# Ammo



## Country8282 (Sep 6, 2011)

Where in the world is all the 22 ammo going


Posted using Outdoor Hub Campfire


----------



## Singleandfishinagain (Aug 18, 2011)

Into my locker!

I was walking through a local retail store today and where there is normally a pile of CCI 1000rd lock boxes there were 3 lonely ones. I took them home along with $100 worth of 22mag, $100 in .45 and a pile of .243.

I spent $600 on ammo today..... feels goooooood!

Couple this with the mountain of shotgun ammo I bought 2 weeks ago and my house will be the only one the zombies do not touch. 
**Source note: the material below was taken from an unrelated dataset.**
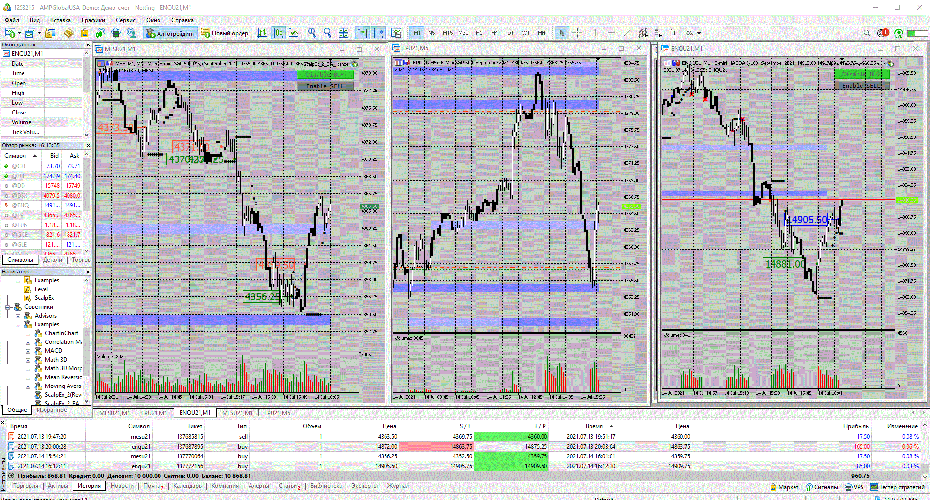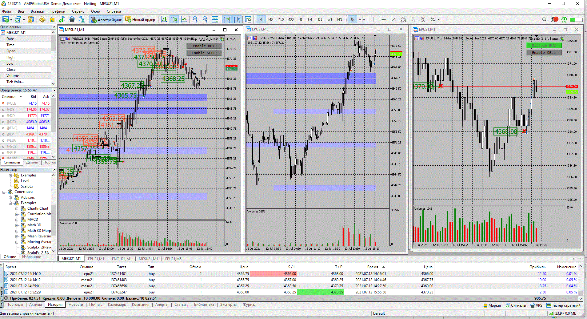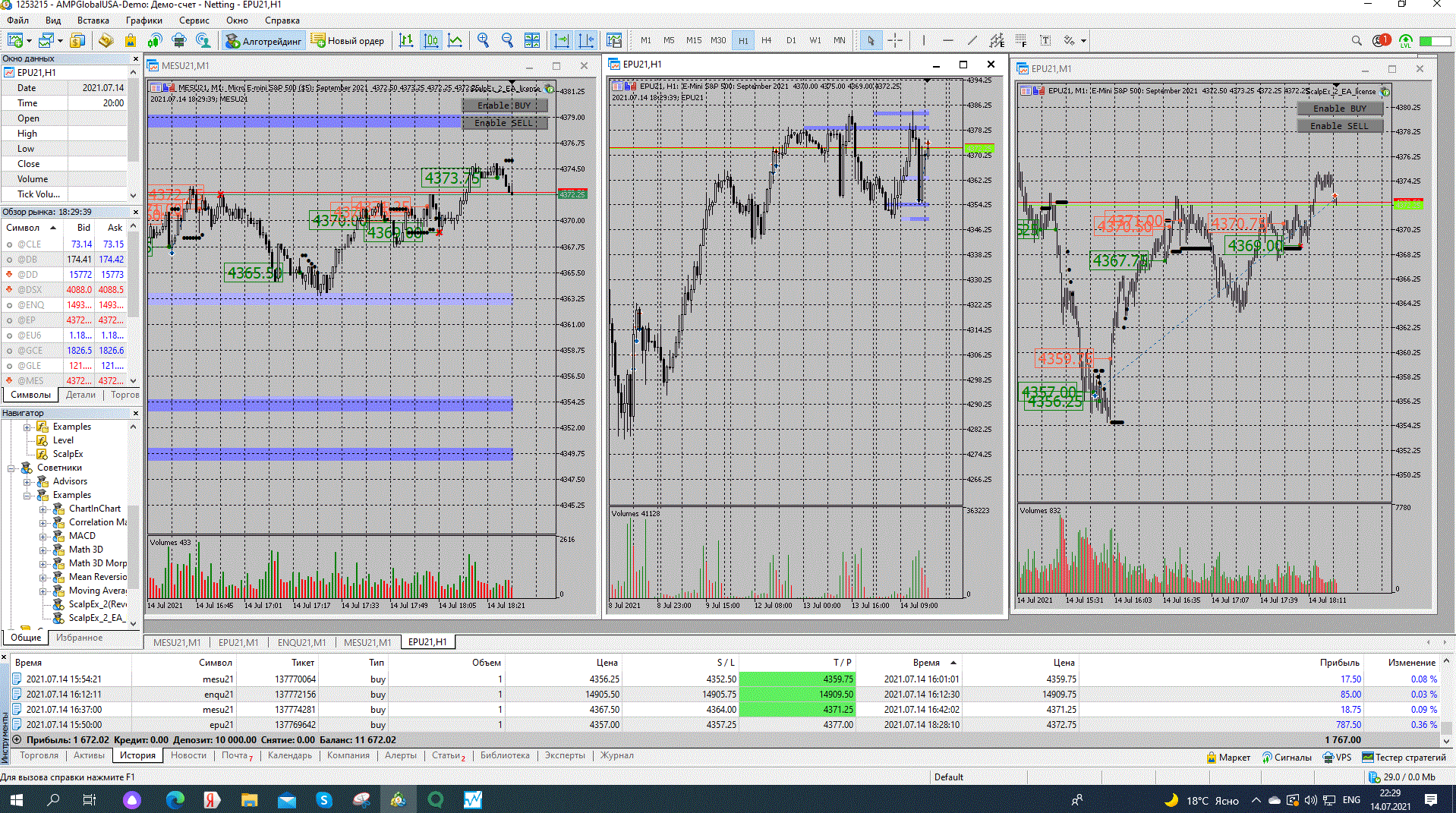 На микро SP500 бай при ретесте от уровня, ТР 12.50, на мини SP500 первый раз бай при ретесте от уровня Ретест был небольшой), бот перевел сделку в безубыток, ТР - 10.00, второй раз также бай при ретесте (ретест был после достаточного большого отклонения цены от уровня), ТР - 112.50

I'm set for spring & summer!




posted using Outdoor Hub Campfire


----------



## beaglet (Nov 22, 2009)

Singleandfishinagain said:


> Into my locker!
> 
> I was walking through a local retail store today and where there is normally a pile of CCI 1000rd lock boxes there were 3 lonely ones. I took them home along with $100 worth of 22mag, $100 in .45 and a pile of .243.
> 
> ...


 
There's your answer...guys like this one waiting for the ZOMBIE APOCALYPSE to hit causing NORMAL hunters to wait for ammo.


----------



## Singleandfishinagain (Aug 18, 2011)

beaglet said:


> There's your answer...guys like this one waiting for the ZOMBIE APOCALYPSE to hit causing NORMAL hunters to wait for ammo.


Not to long ago I wanted to take my little cousins shooting, loaded them and the 22 up only to find everyone is sold out of .22lr.

Won't be a problem now!

Because i buy in bulk I'm not a normal hunter? 



posted using Outdoor Hub Campfire


----------